Task brief:
Print the data exactly. Pictures stay out.

Input records:
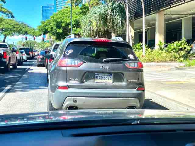 パールハーバーの駐車場でロードアイランド州のライセンスプレートを付けた車を見つけた。出ていく人もいれば、ハワイにやって来る人もいる。パールハーバーなので、ハワイにやって来た軍人の車なのだろう。日本人の中には、ロードアイランド州の名前を初めて聞いた人もいるだろう?
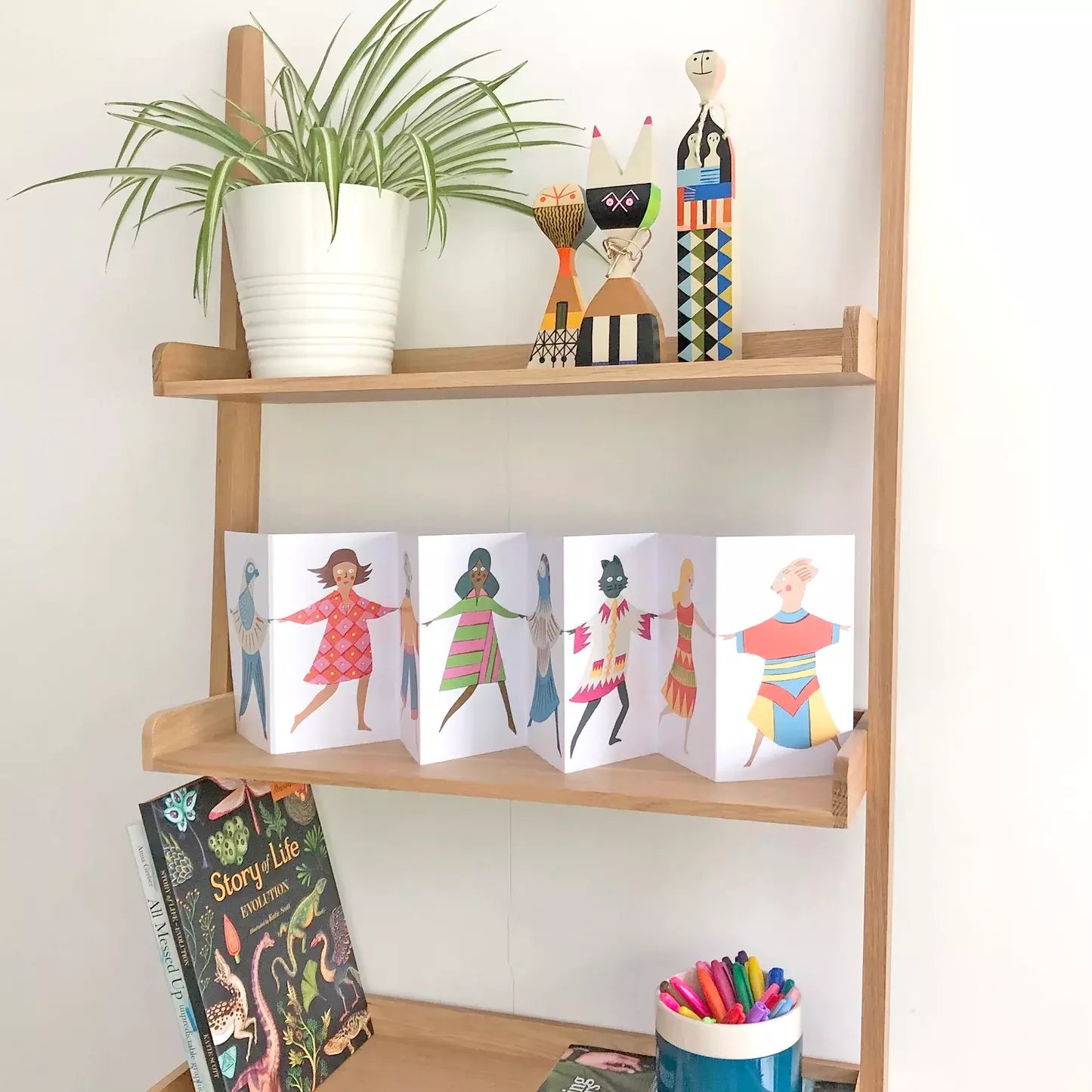 This fun 'New Friends' concertina print by Sukie adds a splash of colour, fun and some friendly faces to your shelf, mantlepiece or wall.
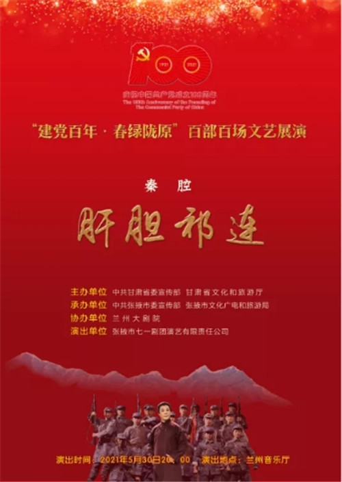 中國(guó)甘肅網(wǎng)5月28日訊(本網(wǎng)記者 宋芳科)5月30日晚,剛剛斬獲第六屆甘肅戲劇紅梅獎(jiǎng)大賽“紅梅劇目獎(jiǎng)”第一名的好成績(jī)的秦腔戲《肝膽祁連》,將在蘭州音樂(lè)廳精彩上演?!陡文懫钸B》以真實(shí)的歷史故事改編,講述了民主人士高金城營(yíng)救紅西路軍戰(zhàn)士的感人故事。屆時(shí),中國(guó)甘肅網(wǎng)將現(xiàn)場(chǎng)直播,歡迎廣大網(wǎng)友點(diǎn)擊進(jìn)入直播間,重溫一段波瀾壯闊而又感人至深的歷史,一起向祁連英魂高金城致敬。
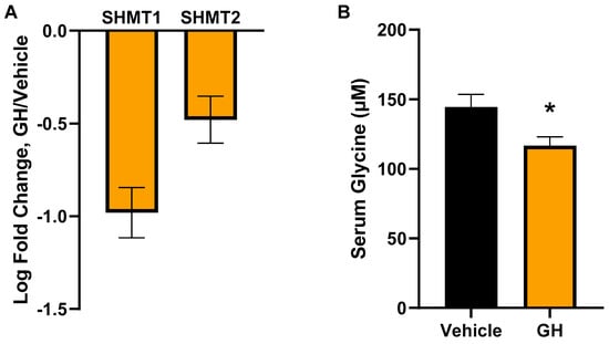 Because bGH and GHRKO mice have life-long (chronic) GH alterations, it is difficult to determine whether the glycine changes in these mice are directly linked to GH or just correlated. To address this, the response of glycine metabolism to an acute GH treatment was assessed by injecting recombinant human GH into mice that do not express pituitary GH (GHKO). Liver expression of two major glycine synthesis genes, SHMT1 and SHMT2, was significantly decreased (q = 9.08 × 10−14 and q = 1.34 × 10−7, respectively) following five daily injections of human GH (Figure 3A). When serum levels of glycine were assessed in these mice, there was also a significant decrease in serum glycine in GH-treated mice compared to controls after only five days of GH treatment.
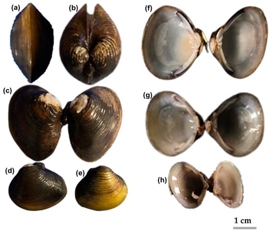 Samples of the Corbicula fluminea catch from September 2021, February 2022, and May 2022 found in the IGEPA Igarapé Gelado—in the province mineral of Carajás, Brazil; (a) external view of a closed specimen; (b) external view of a closed specimen; (c–e) external view of opened specimens in different sizes; (f–h) internal view of opened specimens in different sizes.
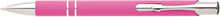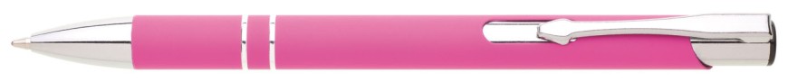 Hliníková propiska se stříbrnými doplňky a měkkým pogumovaným povrchem soft v růžové barvě. Modře píšící.
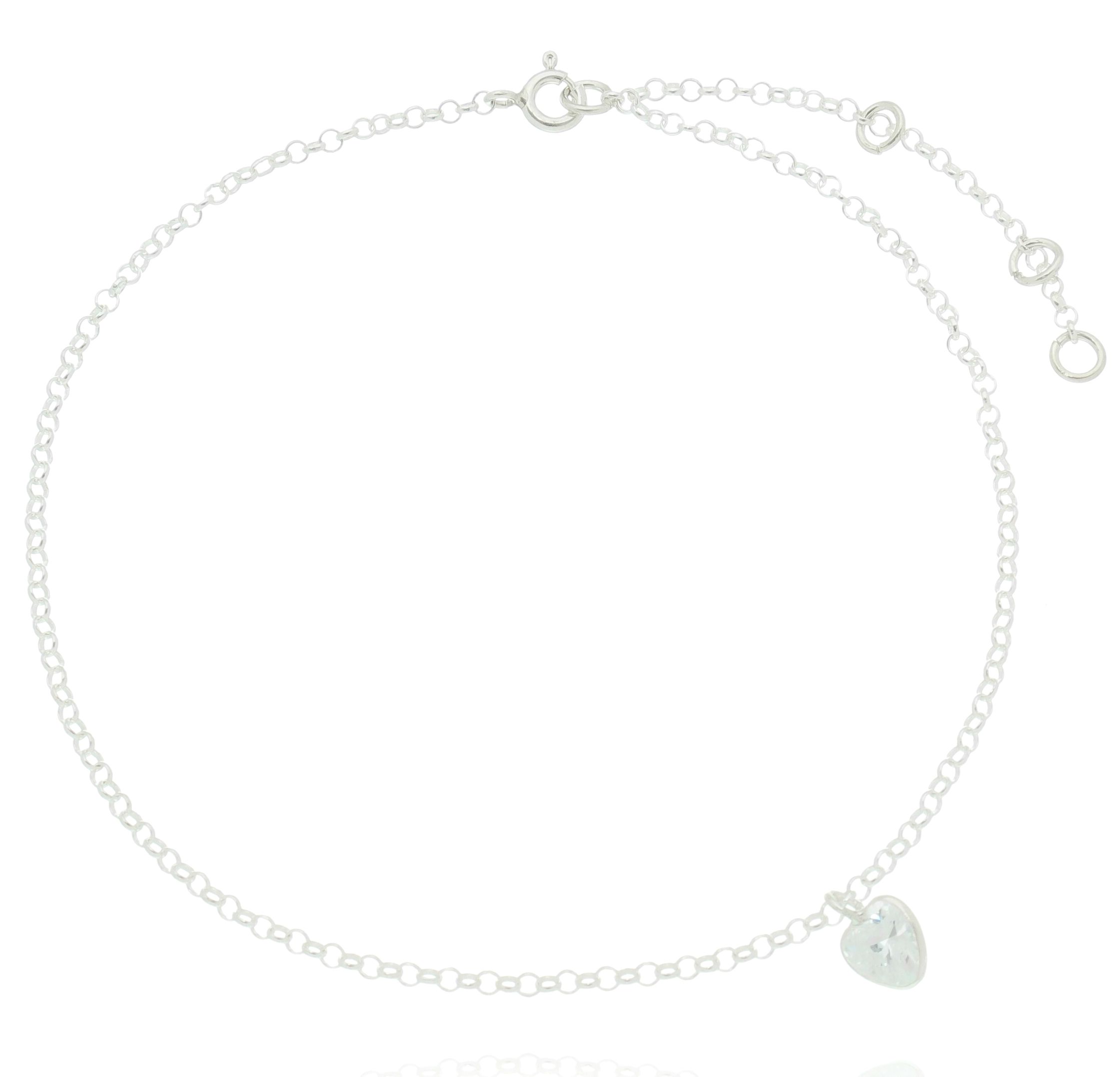 TORNOZELEIRA DE PRATA CORAÇÃO ZIRCÔNIA

Solution for this task:
 パールハーバーの駐車場でロードアイランド州のライセンスプレートを付けた車を見つけた。出ていく人もいれば、ハワイにやって来る人もいる。パールハーバーなので、ハワイにやって来た軍人の車なのだろう。日本人の中には、ロードアイランド州の名前を初めて聞いた人もいるだろう?
 This fun 'New Friends' concertina print by Sukie adds a splash of colour, fun and some friendly faces to your shelf, mantlepiece or wall.
 中國(guó)甘肅網(wǎng)5月28日訊(本網(wǎng)記者 宋芳科)5月30日晚,剛剛斬獲第六屆甘肅戲劇紅梅獎(jiǎng)大賽“紅梅劇目獎(jiǎng)”第一名的好成績(jī)的秦腔戲《肝膽祁連》,將在蘭州音樂(lè)廳精彩上演?!陡文懫钸B》以真實(shí)的歷史故事改編,講述了民主人士高金城營(yíng)救紅西路軍戰(zhàn)士的感人故事。屆時(shí),中國(guó)甘肅網(wǎng)將現(xiàn)場(chǎng)直播,歡迎廣大網(wǎng)友點(diǎn)擊進(jìn)入直播間,重溫一段波瀾壯闊而又感人至深的歷史,一起向祁連英魂高金城致敬。
 Because bGH and GHRKO mice have life-long (chronic) GH alterations, it is difficult to determine whether the glycine changes in these mice are directly linked to GH or just correlated. To address this, the response of glycine metabolism to an acute GH treatment was assessed by injecting recombinant human GH into mice that do not express pituitary GH (GHKO). Liver expression of two major glycine synthesis genes, SHMT1 and SHMT2, was significantly decreased (q = 9.08 × 10−14 and q = 1.34 × 10−7, respectively) following five daily injections of human GH (Figure 3A). When serum levels of glycine were assessed in these mice, there was also a significant decrease in serum glycine in GH-treated mice compared to controls after only five days of GH treatment.
 Samples of the Corbicula fluminea catch from September 2021, February 2022, and May 2022 found in the IGEPA Igarapé Gelado—in the province mineral of Carajás, Brazil; (a) external view of a closed specimen; (b) external view of a closed specimen; (c–e) external view of opened specimens in different sizes; (f–h) internal view of opened specimens in different sizes.
 Hliníková propiska se stříbrnými doplňky a měkkým pogumovaným povrchem soft v růžové barvě. Modře píšící.
 TORNOZELEIRA DE PRATA CORAÇÃO ZIRCÔNIA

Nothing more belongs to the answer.